On Tuesday, Microsoft Research Asia unveiled VASA-1, an AI model that can create a synchronized animated video of a person talking or singing from a single photo and an existing audio track. In the future, it could power virtual avatars that render locally and don’t require video feeds—or allow anyone with similar tools to take a photo of a person found online and make them appear to say whatever they want.
Great! When will this be included in teams? So that I can deepfake all meetings
I’ll give it a photo of myself from 10 years ago so that my coworkers don’t realize that I’m getting old.
Why did they make this
Someone is always bound to make this someday. At least the maker is announcing it which is decent enough. Actually, I have always thought that if AI can generate image and voice, what is stopping someone from identity theft? And BAM, we are now in an age where digital data will soon be unreliable unless we have protocol in-place to prove the origin of the data.
If you pump out enough research papers, maybe Microsoft won’t move you over to the Office team.
We’re going to need strong digital signatures on everything, and we need it fast, else we won’t be able to believe anything we see.

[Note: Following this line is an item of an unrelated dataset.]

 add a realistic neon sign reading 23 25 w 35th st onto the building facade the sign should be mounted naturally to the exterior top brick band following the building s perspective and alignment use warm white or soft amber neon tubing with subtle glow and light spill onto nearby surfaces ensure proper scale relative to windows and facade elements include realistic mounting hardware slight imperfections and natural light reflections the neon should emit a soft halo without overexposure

It will be Steve Bannon’s “flood the zone with shit” dream come true.
We’re going to need strong digital signatures on everything
That won’t help anything considering how easy it is to strip metadata.

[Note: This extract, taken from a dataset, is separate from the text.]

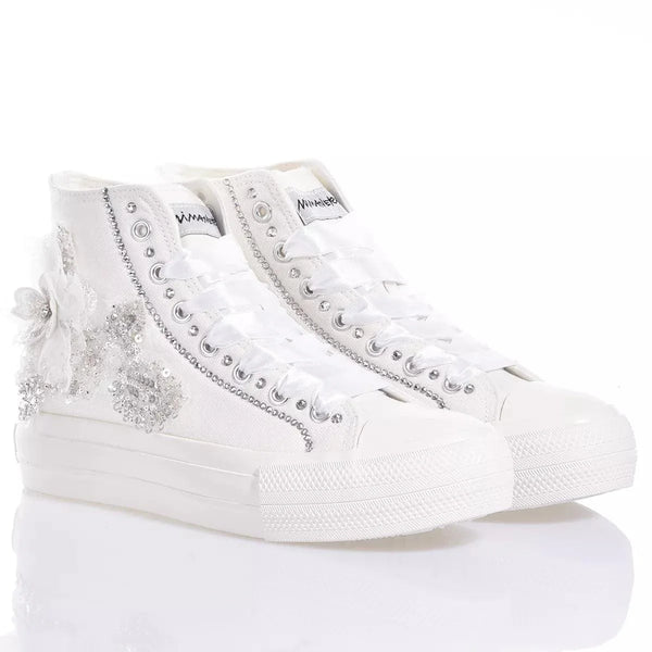 Mimanera Airlines Platform Bella: un sogno diventato realtà per ogni donna che cerca l'eleganza senza tempo. Ispirate al modello Converse, queste sneakers offrono una suola platform completamente bianca per un'inconfondibile sensazione di slancio e comfort ad ogni passo. ricoperta da un prezioso pizzo ricamato con paillettes e perline, impreziosito da fiori in tulle e organza che si fondono armoniosamente con il castone. La sneakers è arricchita da una fila di cristalli Swarovski lungo il passalacci, aggiungendo un tocco di luce ed eleganza.

I mean the opposite scenario, where if there’s no signature we assume it’s fake.
That lip sync is scary good. It’s still a little off, the teeth are weirdly stretchy, but nobody would notice it’s a deepfake on first glance.
Seems very similar to Nvidia’s idea of only having a moving photo for video calls to reduce bandwidth needed. Very nice.
We’d need better optimization and more powerful processing on ye average laputopu for that to happen.
It’s terrifying and super cool at the same time. I think all of the execs at these big tech companies need to rewatch the Terminator.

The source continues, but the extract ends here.